# Seized Pyrs & Pyr/Anatolians



## FishOil (Apr 2, 2010)

I got this from a friend of mine since we have brother Anatolian's. I thought if anyone was interested they could check it out. I trust her that this is for real.


Seized Pyrs & pyr/anatolians Please cross post
Seguin TX. between Austin/San Antonio. We have a situation where an elderly man has about 12-14 dogs that have been with goats, horses, cattle ect. without issues to the livestock. Unfortunately there is not adequate fencing to keep the dogs in with the livestock and they have taken to wandering. A couple of days ago a lady rolled ......her vehicle attempting to miss one in the road and now Animal Control has had to step in and will be seizing these animals. They have shots, but have not been fixed, are of varying ages, have been handled and have shown no aggression.

I am attempting to work with AC to keep these dogs alive. This is a high kill shelter 3 days max. On top if it all I am leaving for 5 days to attend my son's wedding out of state next ...week.

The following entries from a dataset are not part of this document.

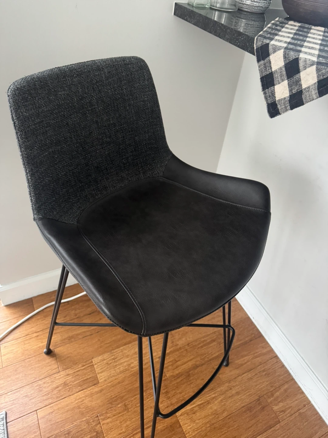 This bar stool features a dark grey textured fabric backrest and a black faux leather seat. Its sleek metal legs offer a modern look. This stool's design makes it a versatile seating option for a kitchen island or home bar.
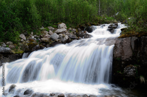 © Arcticphotoworks, Fototapeta premium majestic mountain waterfall in northern norway
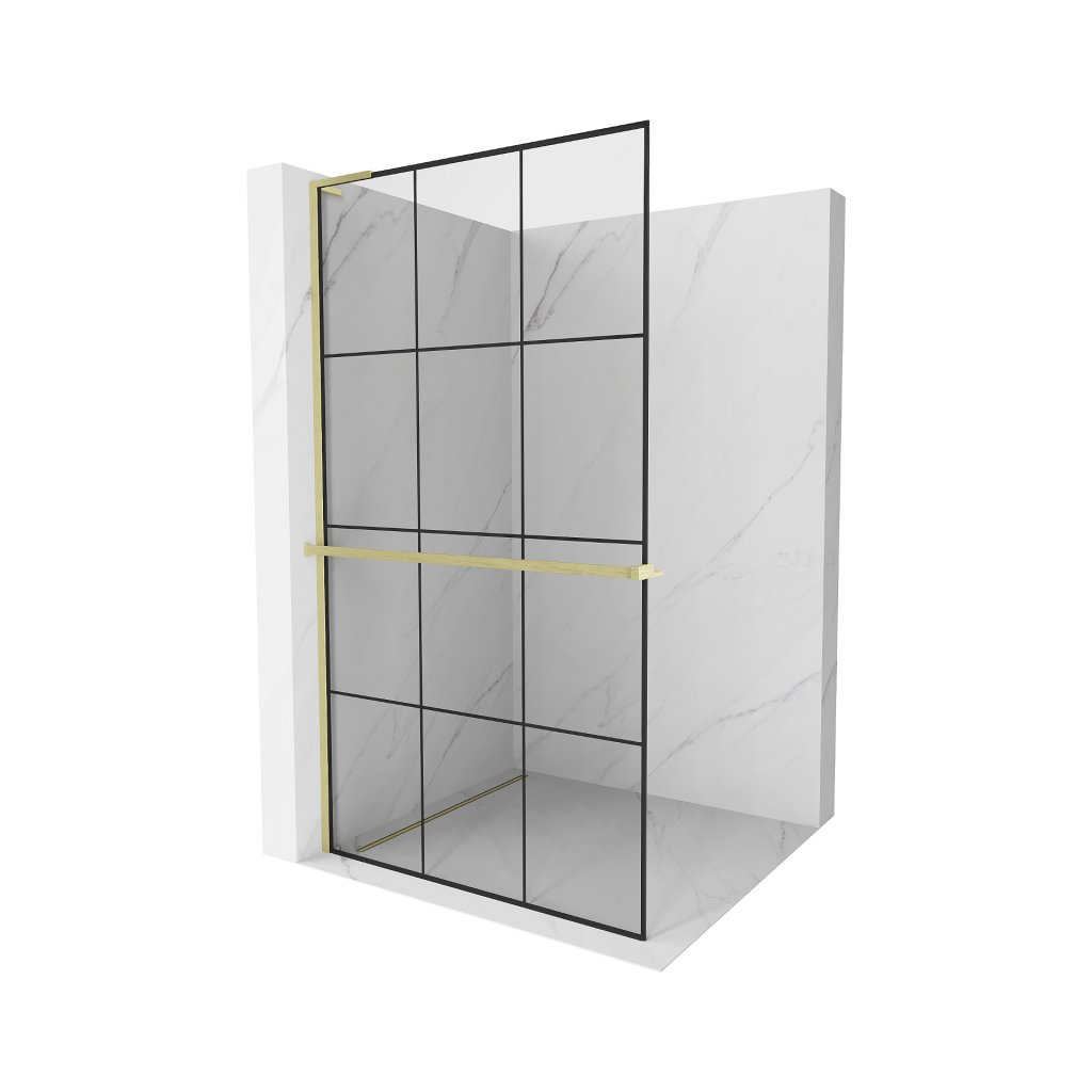 Mexen Kioto+ L, paravan de dus walk-in cu polita si cuier 100 x 200 cm, sticla transparenta 8 mm model negru, profil auriu mat, 800-100-123-55-77

Anyone that would like a working dog or three  please contact either myself or Doug at animal control 830-303-8853 to help get these guys to safety. There is a minimal (or if I pull no charge) for these dogs. Excellent opportunity to get working animals onto and up to snuff on your place as spring birthing season starts.



FishOil


----------



## txplowgirl (Oct 15, 2007)

I wished I still lived in San Antonio:grit:, I would have taken at least 1 in a heartbeat to be friends with my horses.

I will be praying for good homes for them.


----------



## YuccaFlatsRanch (May 3, 2004)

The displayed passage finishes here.